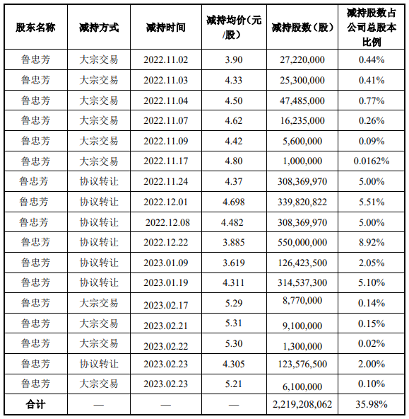 2月16日,因股票质押式回购交易违约,鲁忠芳将所持2.00%股权转让给侯泽培,价款5.32亿元,优先用于偿还股权质押协议项下的相关费用。
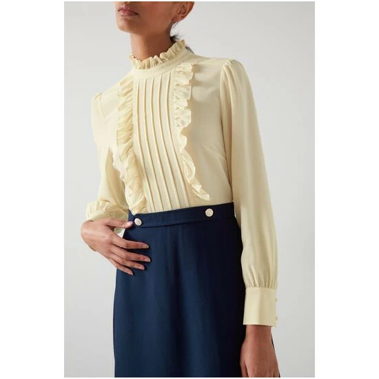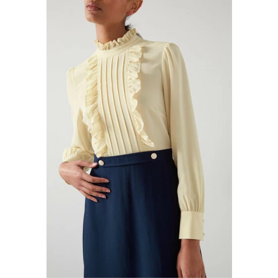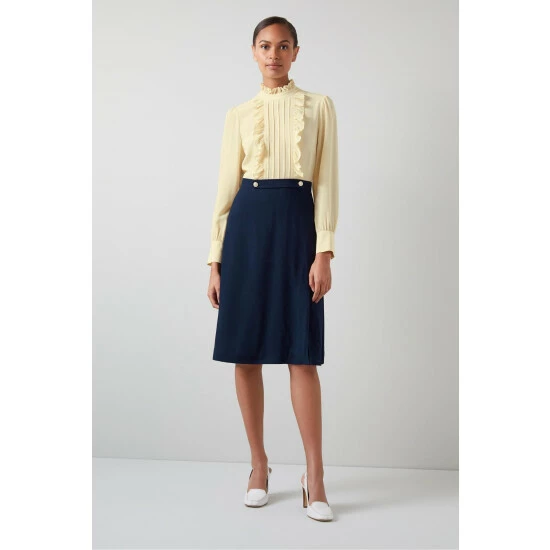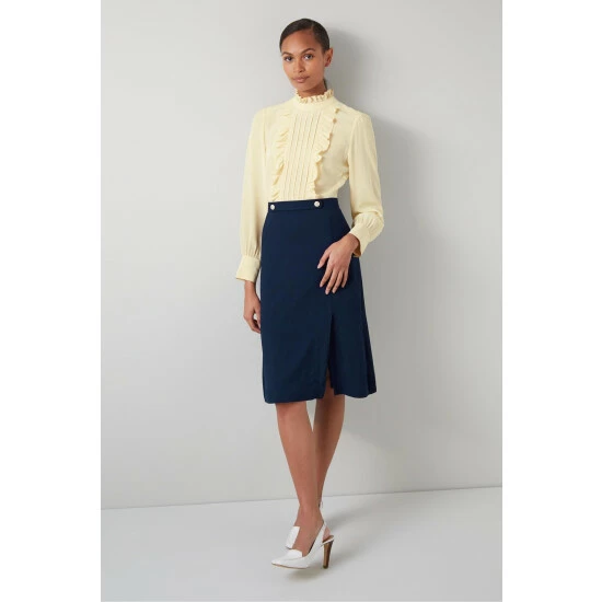 The Tish dress is crafted from cream silk and navy blue crepe. The top has a high neck with a frill edge, a pintucked front with matching trim, puff shoulders, long cuffed sleeves and keyhole detail to the back, while the knee-length skirt sits on the waist with button detail, has an A-line shape and a slit over one knee.
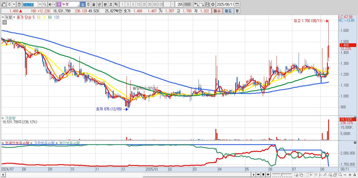 - 누보 (1,468원 ▲ 12.23% , 시총: 490억, 거래량: 16,531,799, 거래대금:258억, KOSDAQ)
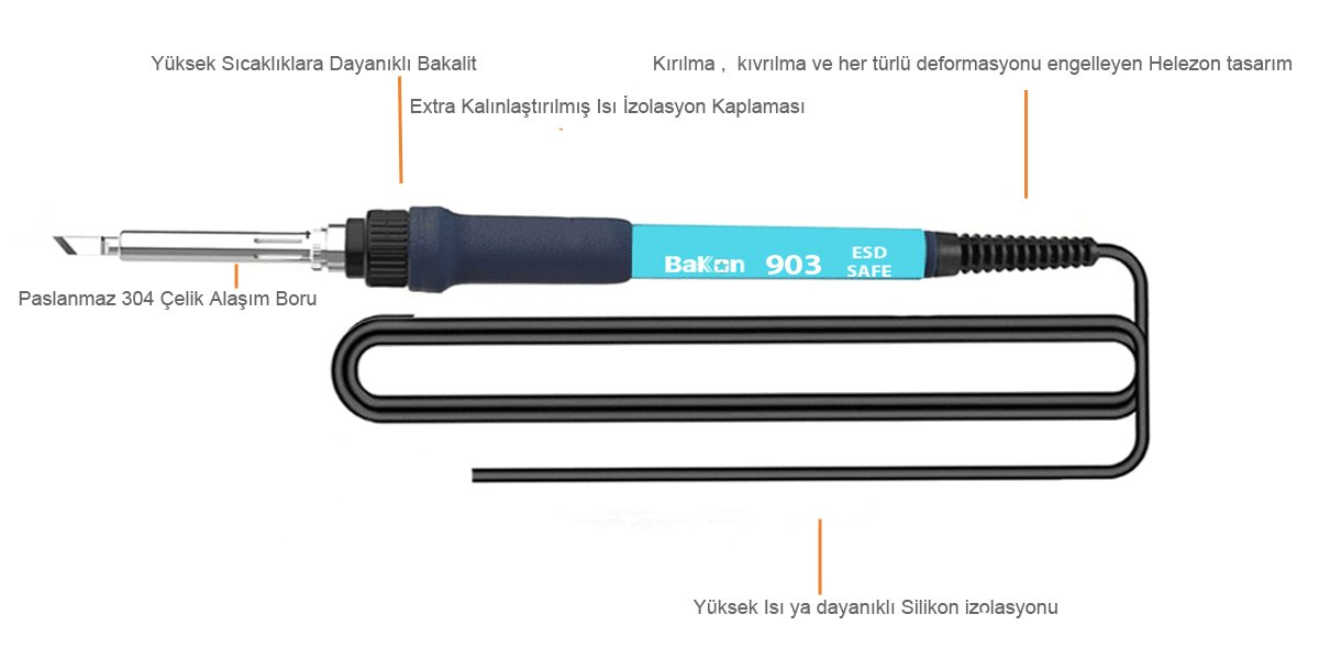 Bakon BK903 Lehimleme Havya Kolu Teknik Özellikleri:
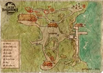Mapa do Acampamento Lua da Benquerença com anotações de áreas de interesse. Encontrado por Jorge Lagos em cima da mesa do sótão.[6] |
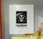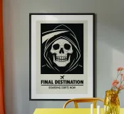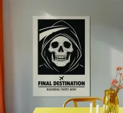 Stampa Final Destination, Poster cinematografico alternativo, Bianco e nero, Arte da parete minimale, Teschio, Morte, Mietitore, Volo, Imbarco, Regalo per fan del cinema

= = = =

The answer should contain every line of the material exactly as written and no pictures.

 2月16日,因股票质押式回购交易违约,鲁忠芳将所持2.00%股权转让给侯泽培,价款5.32亿元,优先用于偿还股权质押协议项下的相关费用。
 The Tish dress is crafted from cream silk and navy blue crepe. The top has a high neck with a frill edge, a pintucked front with matching trim, puff shoulders, long cuffed sleeves and keyhole detail to the back, while the knee-length skirt sits on the waist with button detail, has an A-line shape and a slit over one knee.
 - 누보 (1,468원 ▲ 12.23% , 시총: 490억, 거래량: 16,531,799, 거래대금:258억, KOSDAQ)
 Bakon BK903 Lehimleme Havya Kolu Teknik Özellikleri:
Mapa do Acampamento Lua da Benquerença com anotações de áreas de interesse. Encontrado por Jorge Lagos em cima da mesa do sótão.[6] |
 Stampa Final Destination, Poster cinematografico alternativo, Bianco e nero, Arte da parete minimale, Teschio, Morte, Mietitore, Volo, Imbarco, Regalo per fan del cinema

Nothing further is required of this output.